You likely have heard about the new shift in the credit card industry from magnetic strip to EMV chip cards. These cards have a small chip in them that facilitates communication to the payment card company in place of the magnetic strip technology that has been the industry standard for 25+ years. Historically, the motivating factor in large data breaches has been static data associated with payment cards. Once a thief breaks whatever security measure are in place and clones the magnetic strip of unsuspecting card holders that clone can be used over and over again which turn the fruits of the hacker’s labor into cash.
That is about to change once the swipe is replaced with the dip. The major security benefit of EMV is that every time you make a purchase, a new unique transaction ID is used to facilitate the transaction with the retailer. That transaction ID is unique to that sale and will never be used again, making the data retained by the retailer useless to a hacker. This payment model is the same deployed by mobile payment services like Android Pay, Apple Pay, and Samsung Pay. The difference between these three lies in how the information is transferred to the Point of Sale machine but the payment model of unique payment ID numbers is shared among them.

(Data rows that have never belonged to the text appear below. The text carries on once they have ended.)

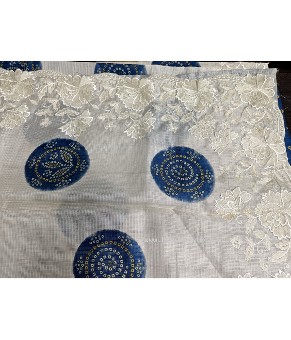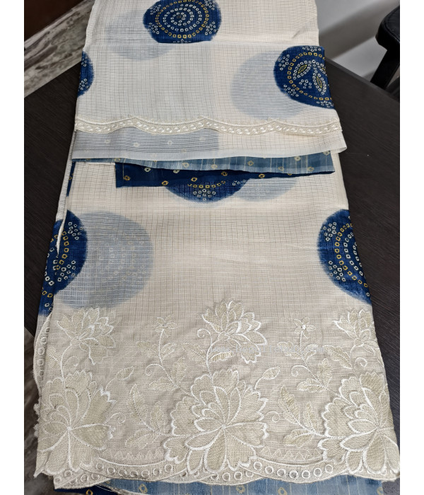 Beautiful off-white Kota saree featuring classic Bandini print and elegant embroidery on the borders for a refined traditional look.
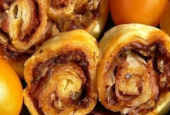 Détaillez le "rouleau" en tranches d'environ 1 cm d'épaisseur et disposez-les à plat sur le papier cuisson. Faites cuire au milieu du four 12 à 15 minutes jusqu'à ce que les petits palmiers soient bien gonflés et croustillants. Dégustez-les encore tièdes avec les tomates cerises, des petits cornichons, de l'ail confit, des olives .... ou autres.
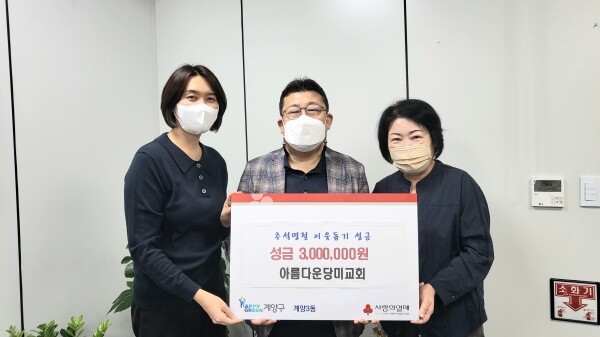 계양3동 강명주 동장은 “아름다운당미교회의 꾸준한 나눔활동이 어려운 이웃에게 큰 힘이 되는 동시에 지역 사회의 귀감이 되고 있다”며 “기탁해 주신 성금은 감사의 마음을 담아 어려운 이웃에게 전달하겠다”고 말했다.
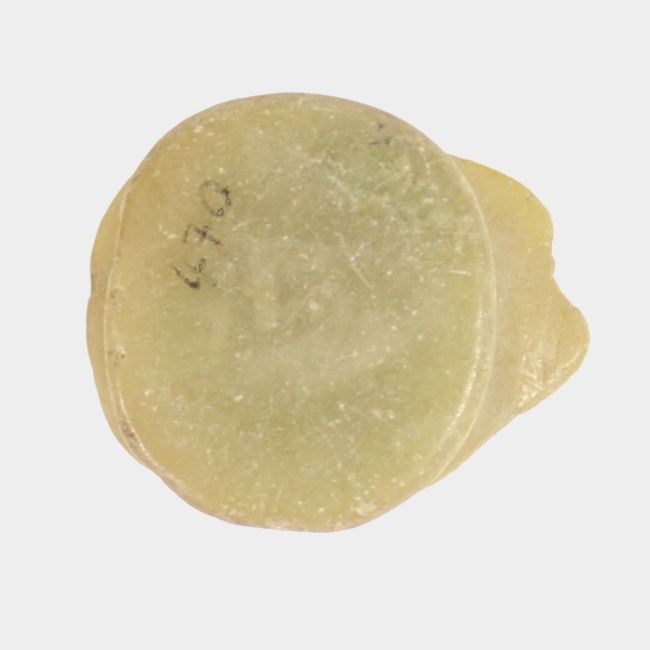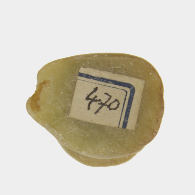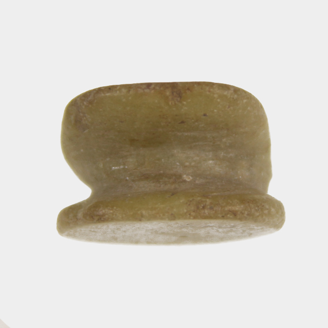 Objeto ornamental de uso personal, de cuerpo hiperboloide y sección elipsoidal. Elaborado en materia prima de color blanquecino. Presenta dos apéndices laterales de forma convexa para permitir su sujeción al labio inferior, ambos están pracialmente fracturados. En la literatura del área, este tipo de adorno ha sido definido como Tembetá de Botón o Discoidal con alas.
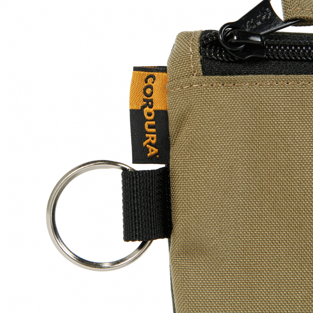 ◇左右にジッパーが付いており、それぞれが別のポケットになっています。片方には2つ分けのスリーブが付いていますので、ここに免許証や定期券、そしてお金を入れて、もう1つのポケットに携帯電話を入れておけば、これだけで遊びに行くことができます。また片面にはスリーブポケットがあり、チケットやレシート、携帯電話などを一時的に入れておくのに重宝します。大きなリングはベルトループやネックストラップと組み合わせることによってショルダーポーチとしても使用出来ます。生地の色は表裏で違う色のコンビネーションになっているのでコーディネートのアクセントに。
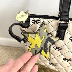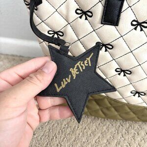 Luv Betsey by Betsey Johnson Purse! Cream and green with printed bows all over, quilted texture, zip closure, star tag, interior pouches.

There will continue to be security risks, and EMV is not a cure-all pill. It does nothing to improve the security of online payments and not all retailers will have EMV POS machines at launch, leaving those retailers not only vulnerable, but heavy targets for hackers. Expect breaches aimed at smaller retail operations that do not have the means to upgrade their equipment at launch because EMV enabled cards can still be swiped if a POS machine is not able to process EMV payments. Europe has been using EMV for several years and credit card fraud has dropped by as much 80%, so it is clearly a step in the right direction.